If not for a knee replacement gone awry, Larry Pershing would be doing what he does best: playing Santa Claus.
But Pershing’s 32-year string of emulating Santa came to an abrupt halt when his left knee became infected last month and the surrogate parts had to be removed. Since then he has been recouping at University Heights Rehabilitation Center, where he will be until after the first of the year, at which time another knee replacement is on his agenda.

And while Pershing isn’t overly elated with his home away from home, his daughter Anna V. Pershing and her niece, Kayla Noel Crawshaw, have festively decorated his room for the holidays. “I have three small Christmas trees, and Anna and Kayla have outlined my TV with tinsel and put ‘snowflakes’ on the wall,” he said. “Outside of physical therapy for about 90 minutes a day, I’m in here, so at least it looks nice. Some guys from the Greenwood VFW came over last week and sang Christmas carols to me.”

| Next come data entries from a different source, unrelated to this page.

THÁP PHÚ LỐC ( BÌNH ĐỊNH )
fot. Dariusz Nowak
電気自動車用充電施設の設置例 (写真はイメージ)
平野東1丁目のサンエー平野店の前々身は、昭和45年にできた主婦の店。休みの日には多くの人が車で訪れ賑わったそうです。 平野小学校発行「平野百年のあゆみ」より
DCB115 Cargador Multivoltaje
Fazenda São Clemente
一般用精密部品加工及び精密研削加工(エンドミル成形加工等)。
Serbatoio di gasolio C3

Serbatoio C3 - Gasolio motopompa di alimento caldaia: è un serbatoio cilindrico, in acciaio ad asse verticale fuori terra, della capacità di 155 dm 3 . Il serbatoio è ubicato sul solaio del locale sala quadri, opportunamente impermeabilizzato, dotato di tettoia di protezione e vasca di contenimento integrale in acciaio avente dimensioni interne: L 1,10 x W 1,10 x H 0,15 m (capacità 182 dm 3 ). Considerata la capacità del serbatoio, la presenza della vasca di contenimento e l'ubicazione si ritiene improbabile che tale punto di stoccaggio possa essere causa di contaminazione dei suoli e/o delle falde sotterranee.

Pershing, 63, began playing Santa in 1982 at Greenwood Library and fell in love with the idea. He soon was the jolly, bearded gent for children of his friends and members of the Greenwood Jaycees. From there his duties expanded to playing Santa for up to 22 families on Christmas Eve. He’s also in demand for church and school functions, private parties, the Girl and Boy Scouts and Head Start programs.

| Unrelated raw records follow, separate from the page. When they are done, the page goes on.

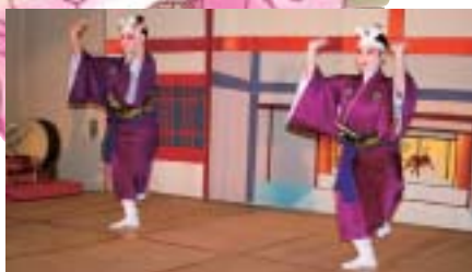
▲まるまぶんさん節
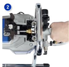
Extraiga la sección de la bomba
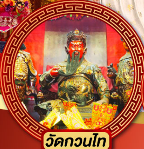
วัดกวนไท
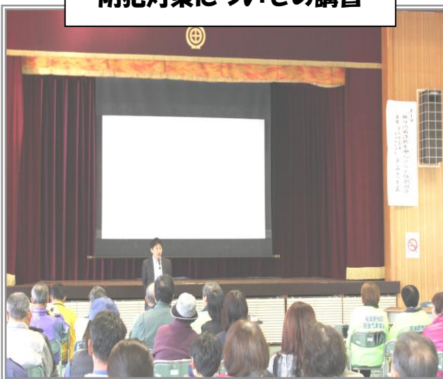
振り込め詐欺などの 防犯対策についての講習
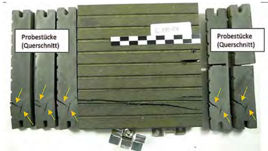
Bild 3: Untersuchung der WPC-Probe: Beidseitig wurden Probestücken abgetrennt. Die Anordnung und die Ausbildung der Risse innerhalb der Probe sind gleich.

Im nächsten Schritt wurde eine verbaute Paneele zur makro- und mikroskopischen Strukturuntersuchung an ein Prüfinstitut gesendet. Die Außenflächen der WPC-Dielenproben wurden im Normallicht bei 5- bis 100-facher Vergrößerung untersucht. Anschließend wurde die Probe in mehreren Bereichen quer aufgetrennt. Die Querschnittflächen wurden mit einer Spezialschleifeinrichtung feinstgeschliffen und ebenfalls mikroskopisch auf Unregelmäßig-
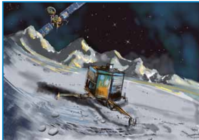
Tako nekako naj bi izgledal robot Philae, ki ga je leta 2014 na komet Čurjumov-Gerasimenko poslala vesoljska sonda Rosetta – »možgane« naprave so sprogramirali madžarski inženirji

Še bolj prepoznavna je bila madžarska udeležba pri kon-
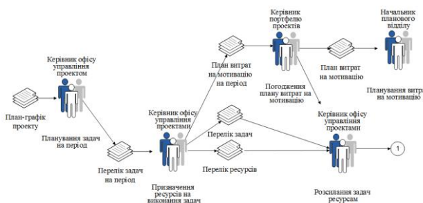
Рис. 1 – Процес «Планування» мотивації в управлінні проектом

До процесу Планування входять підпроцеси «Планування задач на період», «Призначення ресурсів на виконання задач», «Погодження плану витрат на мотивацію», «Розсилання задач ресурсам» (рис. 1).
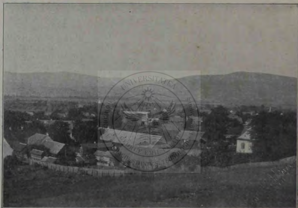
Satul Bințiți, lângă Orăștie.

spuză de vârtelniți, sucale, proiecte de piuă, mori. Mă apropiu de el, eră un om mărunțel, uscățiv, cu ochii vii și neastâmpărați, în ei cu licărirea unei inteligențe de veverită. Bade, — zic, — de unde, păcatele, vii cu minunile astea? — Păi, — răspunde țăranul, — iacă le-am adus aci să le vază domnii! — Cine le-a făcut? — Eu, cin' să le facă? — zice el dând din umeri... Așa, adică d-ta ești măsar? Ba n'am fost de când sunt! Un om pe aci
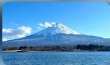
ทะเลสาบคาวากุจิ
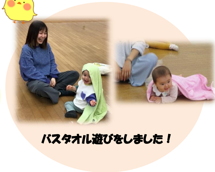
バスタオル遊びをしました！
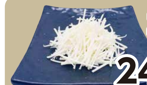
ゴードチーズ Gouda cheese 246円 (税込270円)
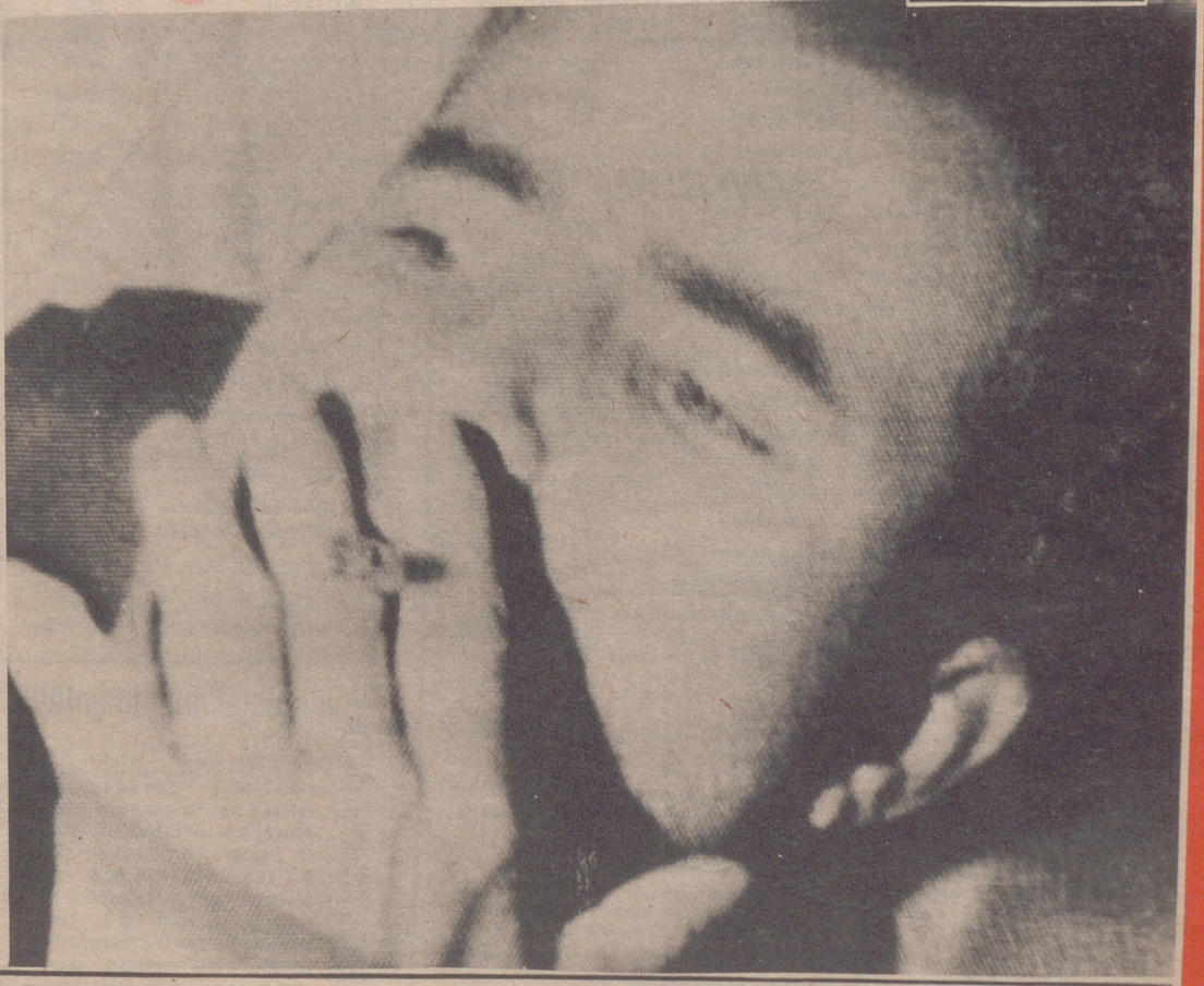
Uno de los pilotos norteamericanos - John McCain - derribados en su avión sobre Hanoy y hechos prisioneros por los norvietnamitas. - (Foto Eje).

“I only play Santa for about 10 families on Christmas Eve now because I want to spend more time with my 4-year-old grandson, Caje Grayson Pershing, ” said Mr. Pershing, who’s the real deal when it comes to Santa. There is no wig, fake beard or dyed hair. Everything about his appearance is natural. “Caje thinks I’m the real Santa. He’ll say to me, ‘Papaw Santa, let’s go to the North Pole.’ 

“I tear up when I think about not being able to play Santa,” remarked Pershing, who was quick to note that he will don his red suit again next year. “I’ll play Santa until I’m not able to.
“I really missed the Breakfast With Jesus and Santa this year at Christ United Methodist Church. That’s always so nice. It puts me in the Christmas spirit because they have a live Nativity scene. 

Pershing recalls playing Santa in the mid-1980s, when a little girl hopped up on his lap but wouldn’t tell him what she wanted. “She just sat there. I prodded and pushed her to say something. I said, ‘I can’t bring you anything unless you tell me what you want.’  
“And she said, ‘Anything?’ 
“I knew I was in trouble then ... ‘I can try ... I’ll do my best.’ ” 
“Can I have my mommy back?” she asked. “She’s with the angels.” 
“That will be pretty hard to do,” I responded. “I doubt I can do that.” By then I was crying inside. “How about if I get you a picture of your mommy to hang on your wall so you can say your prayers in front of her every night?”
It turned out that he knew the girl’s dad through coaching bantam football, and Pershing had one of his helpers tell her dad what he had said. 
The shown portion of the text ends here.